The current system relies on the segregation of heterosexuals and lesbians and gay men. If we proceed with a plan which asserts a hegemonous third1 category, we risk trivialization, division from the other two, and further ghettoizing our efforts. (Shuster 1991:271)
However, who knows if such a plan would even work? Because bisexuality for a lot of people is based on fluidity, and because bisexuals are hard to recognize, because bisexuals do not always date their own kind, not that you could necessarily tell anyway, and because some bisexuals identify strongly "one way or the other," maybe a politicized (and limited in the process of definition and consolidation) identity would not be successful at all. Bisexuality is a boundary identity, and also is often characterized as a process or journey. A number of people stressed the individuality of the experience, and that the best way to visibility was through stories; the best way to explain their own personal sexualities was through their story (which makes coming out more tricky); these are things which do not translate well into an identity whose similarities override differences. Nor do the existing stereotypes exactly make it an attractive identity to claim. And some people just don't like other bisexuals that they've met, and wouldn't want to be identified in the same way:
Many bisexually identified people I meet... have a limited understanding of homophobia, coming as they often do from a place of expanding on a heterosexual identity. I rarely feel at home with them. (Queen 1991:20)

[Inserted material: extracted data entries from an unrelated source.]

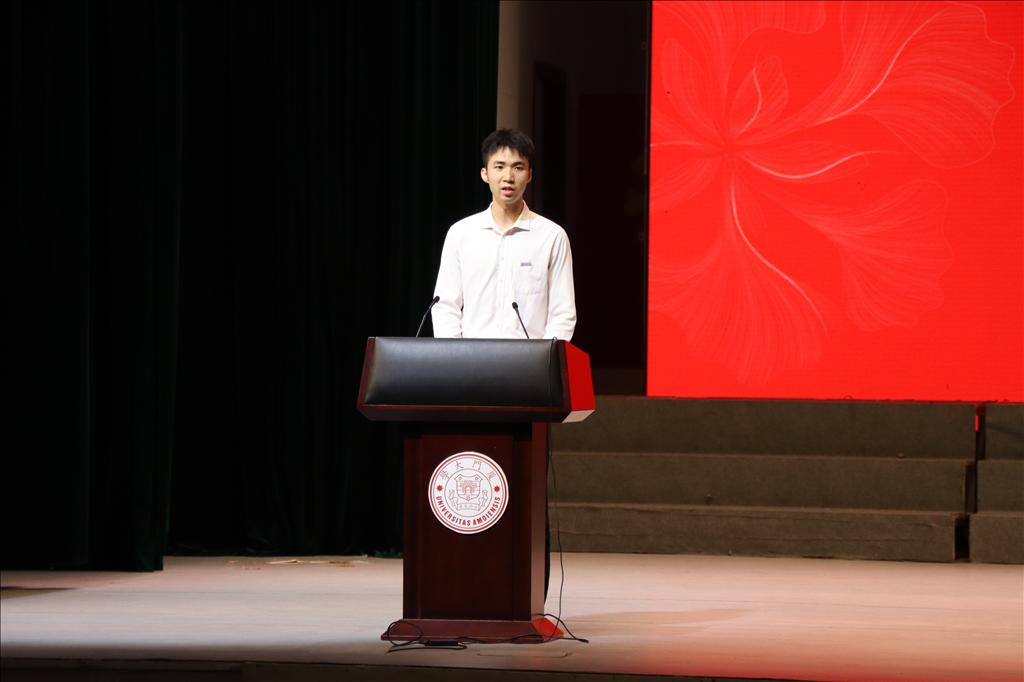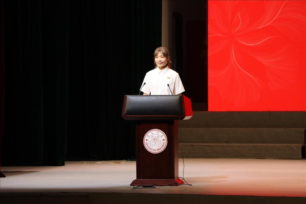 “在大学,我们不只是学习书本知识,更重要的是成为一个更完整的人。”老生代表、王亚南经济研究院2019级本科生楼帅舟分享了两年大学生活体会,将“学会自主学习、学会拥抱孤独、学会承担责任”与新生共勉。号召新生勇于承担时代责任,要追真正的“星”,“以中国人的立场去建设新中国的经济学”。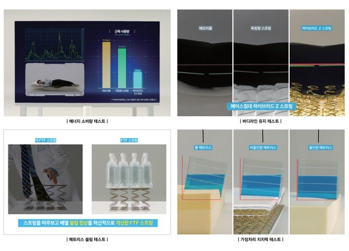 에너지 소비량 테스트는 피시험자의 목과 허리 4곳에 근전도 측정기를 부착한 후 전기 신호를 통해 스프링 종류에 따라 수면 중 뒤척일 때 발생하는 근육 사용량을 체크했다. 그 결과 뒤척일 때 근육 사용량이 많은 메모리폼과 독립형 스프링에 비해 하이브리드 Z 스프링은 뛰어난 탄성과 반발력으로 수면 시 불필요한 에너지 소비를 줄이는 것으로 나타났다.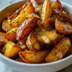 This Oven Fried Potatoes & Onions recipe offers a crispy, flavorful side dish featuring thinly sliced russet potatoes and onions seasoned with garlic, paprika, and herbs, then baked to golden perfection. It’s a healthier alternative to traditional frying, delivering delicious comfort food with a simple, straightforward method.
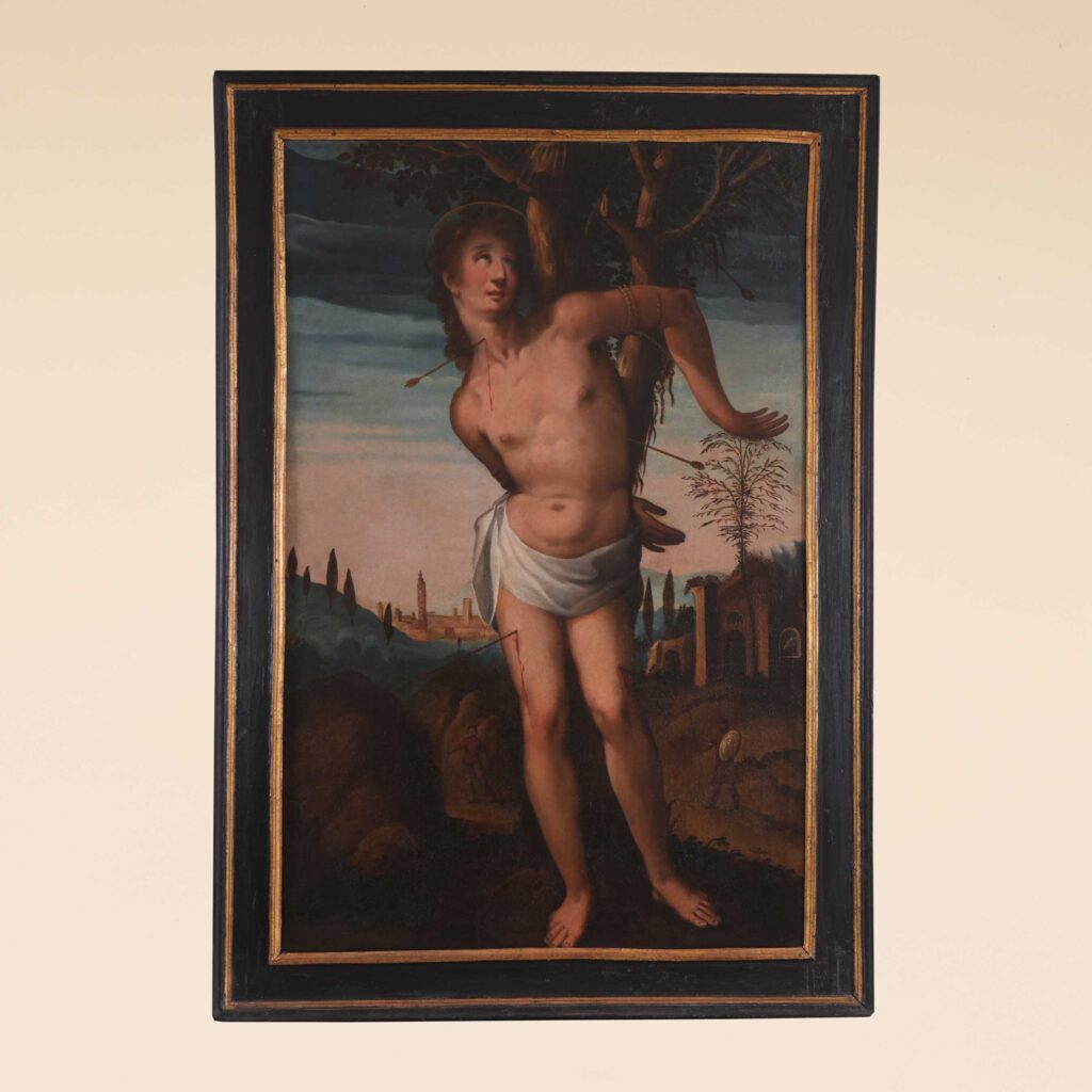 Il santo compare in primo piano, vestito del solo perizoma, legato ad un albero, il cui corpo è trafitto da varie frecce. Sullo sfondo un cielo al tramonto dai toni blu e una città in lontananza, circondata da mura e caratterizzata da case torri ed un alto campanile; sulla sinistra appaiono delle colline con cipressi; sulla destra e’ presente un piccolo edificio con , in lontananza, pastori e contadini.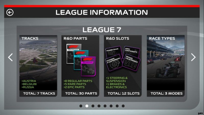 リーグ 8 で 400 ポイントを獲得すると、リーグ 7 に昇格し、3 つの新しいトラック (オーストリア、ベルギー、ロシア)、15 の新しいパーツ、および 2 つの新しい R&D スロットを、既に持っているものに加えてアンロックします。ここでアイデアが得られます — 勝利数が多いほどポイントが多くなり、ポイントが多いほどより良いリーグに昇格し、より良いリーグはより多くのものがアンロックされ、車を改善する機会が増えることを意味します.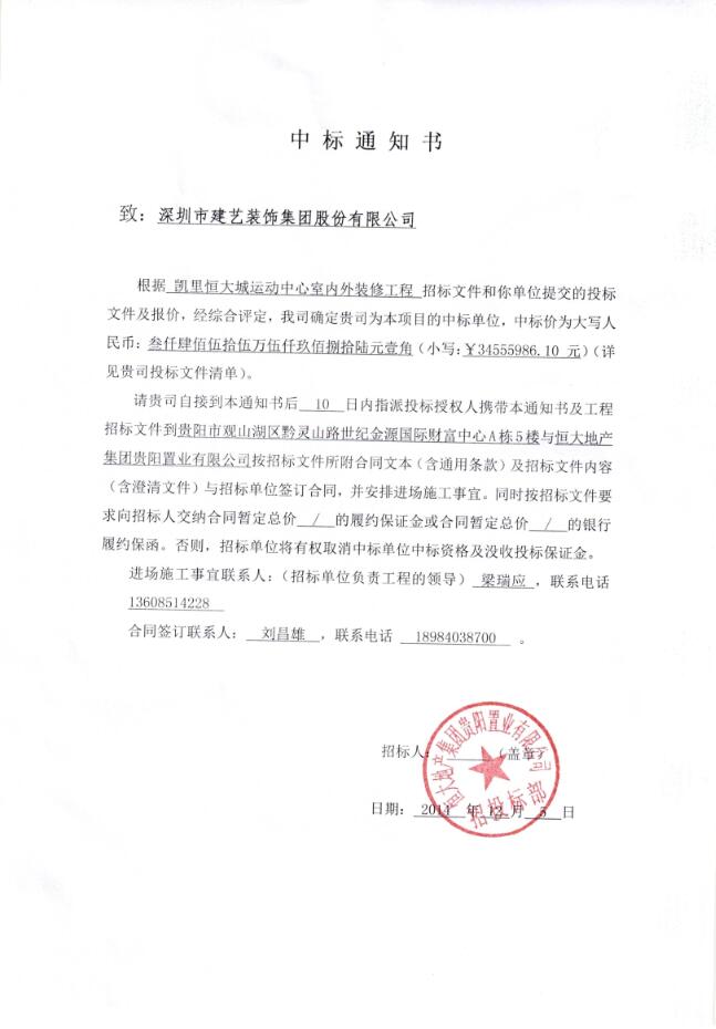 【喜訊】:凱里恒大城運動中心室內(nèi)外裝修工程中標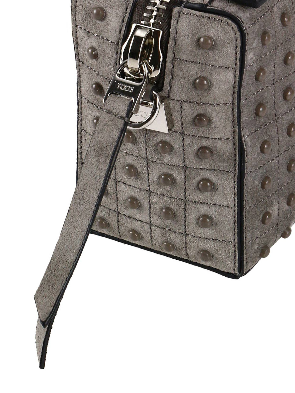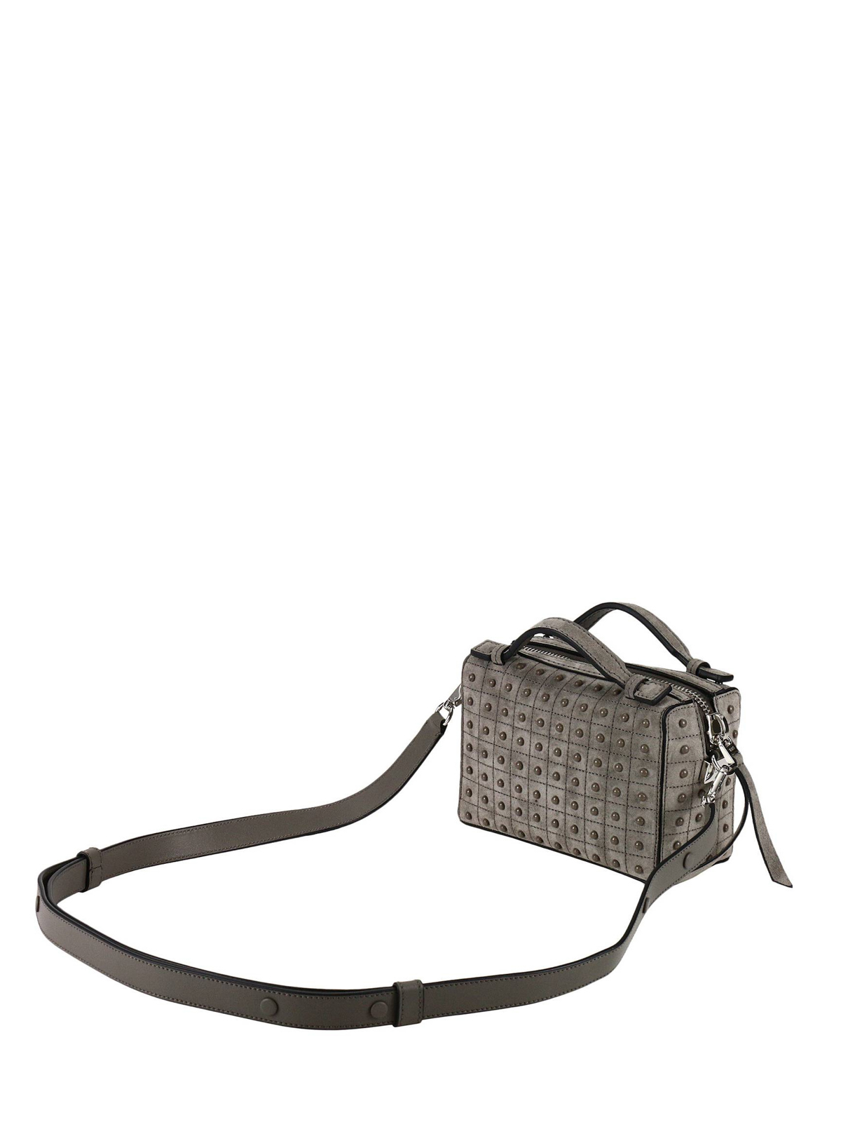 Suede box bowling bag featuring signature pebble all over embellishment, top zip fastening and double flat handles, removable shoulder strap.

Another issue raised by the existence of a bisexual identity is that there are people who would not identify as such who could be placed in it (lesbian-identified women who sleep with men, or women who "become lesbians" as a feminist political choice, independently of their "real" sexual desires). This may well be a category which does not gibe with their own chosen political and personal/sexual identity.
  1. Or fourth, since lesbians and gay men often express strong differences and separate political goals and styles.